EXERCISE DETAILS: Every line below is to be set down again exactly; any image stays out.

[DATA IN THIS EXERCISE — start]

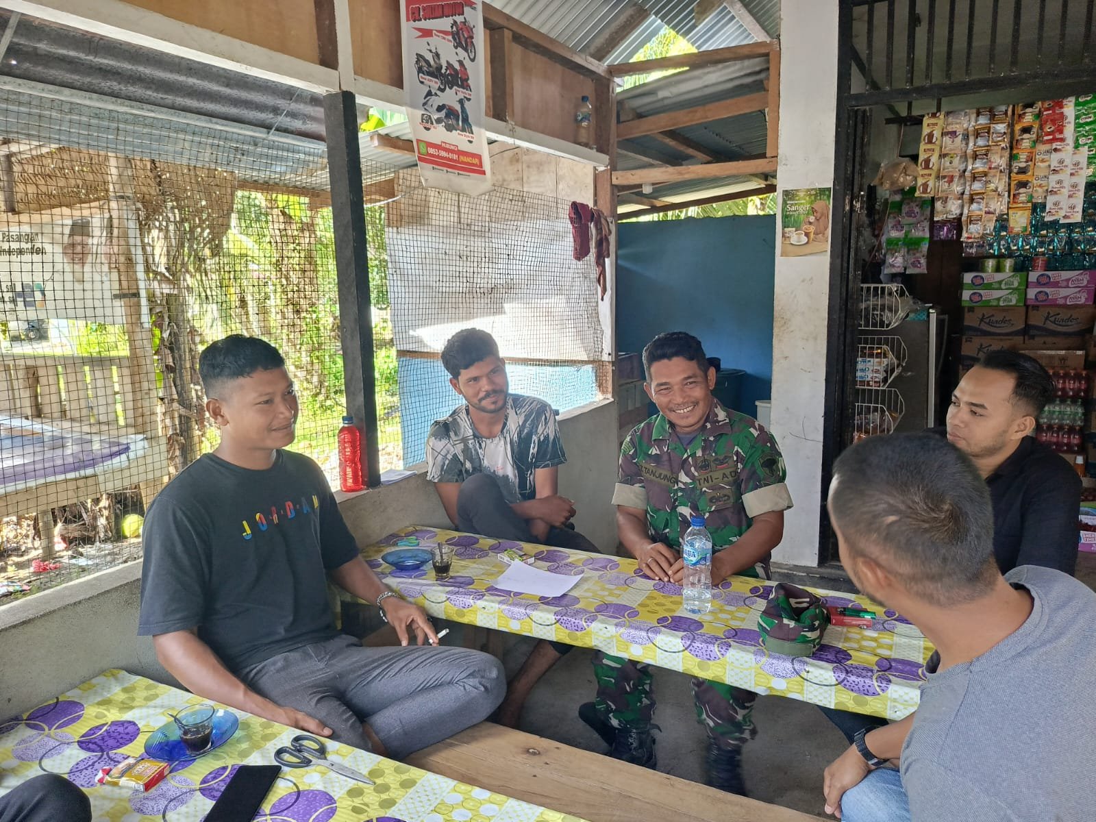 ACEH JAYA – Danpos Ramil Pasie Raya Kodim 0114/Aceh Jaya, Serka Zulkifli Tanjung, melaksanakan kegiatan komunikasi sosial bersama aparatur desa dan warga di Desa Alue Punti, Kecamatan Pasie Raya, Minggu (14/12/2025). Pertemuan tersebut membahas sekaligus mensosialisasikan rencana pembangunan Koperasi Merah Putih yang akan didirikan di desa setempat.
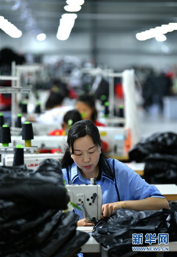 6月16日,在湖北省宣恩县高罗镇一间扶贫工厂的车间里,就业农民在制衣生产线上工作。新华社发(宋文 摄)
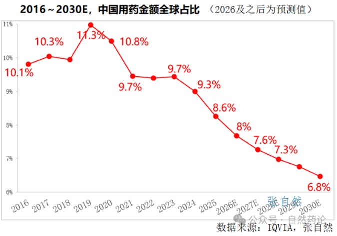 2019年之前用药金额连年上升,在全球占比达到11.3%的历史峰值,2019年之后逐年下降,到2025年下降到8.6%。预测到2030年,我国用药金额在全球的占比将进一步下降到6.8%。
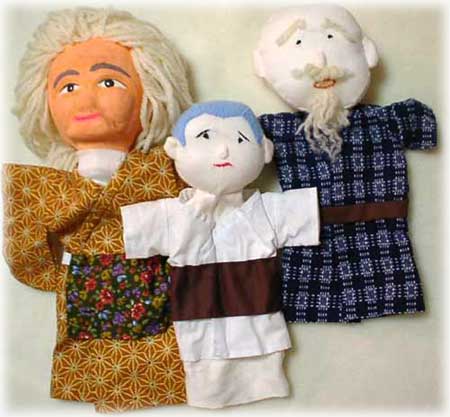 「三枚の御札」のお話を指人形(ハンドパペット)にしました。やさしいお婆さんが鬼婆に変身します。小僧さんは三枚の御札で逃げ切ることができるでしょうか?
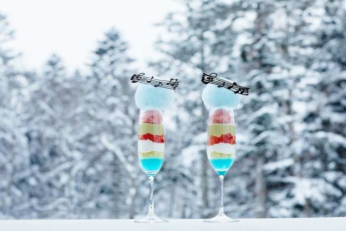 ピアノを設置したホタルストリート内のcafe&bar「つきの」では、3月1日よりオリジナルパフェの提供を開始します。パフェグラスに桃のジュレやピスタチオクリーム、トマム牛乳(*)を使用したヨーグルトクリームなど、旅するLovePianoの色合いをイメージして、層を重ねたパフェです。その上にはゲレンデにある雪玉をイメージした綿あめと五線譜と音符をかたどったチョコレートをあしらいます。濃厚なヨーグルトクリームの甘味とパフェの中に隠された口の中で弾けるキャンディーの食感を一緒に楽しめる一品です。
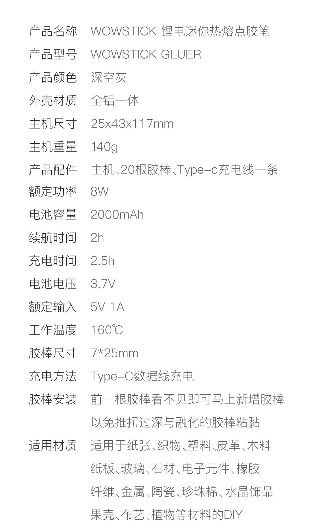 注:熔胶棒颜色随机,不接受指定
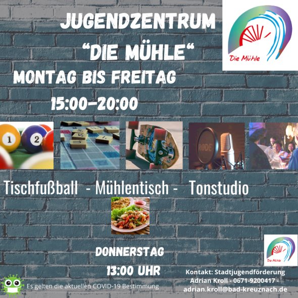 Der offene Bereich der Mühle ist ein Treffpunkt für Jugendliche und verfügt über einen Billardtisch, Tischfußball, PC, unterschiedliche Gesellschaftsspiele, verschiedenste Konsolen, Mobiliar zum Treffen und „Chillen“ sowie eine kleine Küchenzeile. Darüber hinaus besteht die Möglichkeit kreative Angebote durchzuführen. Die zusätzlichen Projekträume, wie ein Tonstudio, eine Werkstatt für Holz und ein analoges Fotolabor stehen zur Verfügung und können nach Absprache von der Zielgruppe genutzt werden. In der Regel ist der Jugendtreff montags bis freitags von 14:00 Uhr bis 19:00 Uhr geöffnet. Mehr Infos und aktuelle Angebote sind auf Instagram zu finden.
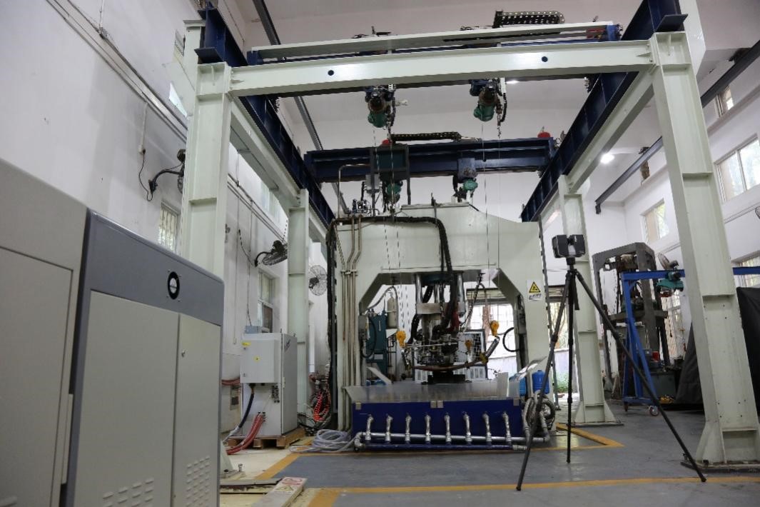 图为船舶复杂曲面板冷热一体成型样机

[DATA IN THIS EXERCISE — finish]

THE COMPLETED TASK:
 ACEH JAYA – Danpos Ramil Pasie Raya Kodim 0114/Aceh Jaya, Serka Zulkifli Tanjung, melaksanakan kegiatan komunikasi sosial bersama aparatur desa dan warga di Desa Alue Punti, Kecamatan Pasie Raya, Minggu (14/12/2025). Pertemuan tersebut membahas sekaligus mensosialisasikan rencana pembangunan Koperasi Merah Putih yang akan didirikan di desa setempat.
 6月16日,在湖北省宣恩县高罗镇一间扶贫工厂的车间里,就业农民在制衣生产线上工作。新华社发(宋文 摄)
 2019年之前用药金额连年上升,在全球占比达到11.3%的历史峰值,2019年之后逐年下降,到2025年下降到8.6%。预测到2030年,我国用药金额在全球的占比将进一步下降到6.8%。
 「三枚の御札」のお話を指人形(ハンドパペット)にしました。やさしいお婆さんが鬼婆に変身します。小僧さんは三枚の御札で逃げ切ることができるでしょうか?
 ピアノを設置したホタルストリート内のcafe&bar「つきの」では、3月1日よりオリジナルパフェの提供を開始します。パフェグラスに桃のジュレやピスタチオクリーム、トマム牛乳(*)を使用したヨーグルトクリームなど、旅するLovePianoの色合いをイメージして、層を重ねたパフェです。その上にはゲレンデにある雪玉をイメージした綿あめと五線譜と音符をかたどったチョコレートをあしらいます。濃厚なヨーグルトクリームの甘味とパフェの中に隠された口の中で弾けるキャンディーの食感を一緒に楽しめる一品です。
 注:熔胶棒颜色随机,不接受指定
 Der offene Bereich der Mühle ist ein Treffpunkt für Jugendliche und verfügt über einen Billardtisch, Tischfußball, PC, unterschiedliche Gesellschaftsspiele, verschiedenste Konsolen, Mobiliar zum Treffen und „Chillen“ sowie eine kleine Küchenzeile. Darüber hinaus besteht die Möglichkeit kreative Angebote durchzuführen. Die zusätzlichen Projekträume, wie ein Tonstudio, eine Werkstatt für Holz und ein analoges Fotolabor stehen zur Verfügung und können nach Absprache von der Zielgruppe genutzt werden. In der Regel ist der Jugendtreff montags bis freitags von 14:00 Uhr bis 19:00 Uhr geöffnet. Mehr Infos und aktuelle Angebote sind auf Instagram zu finden.
 图为船舶复杂曲面板冷热一体成型样机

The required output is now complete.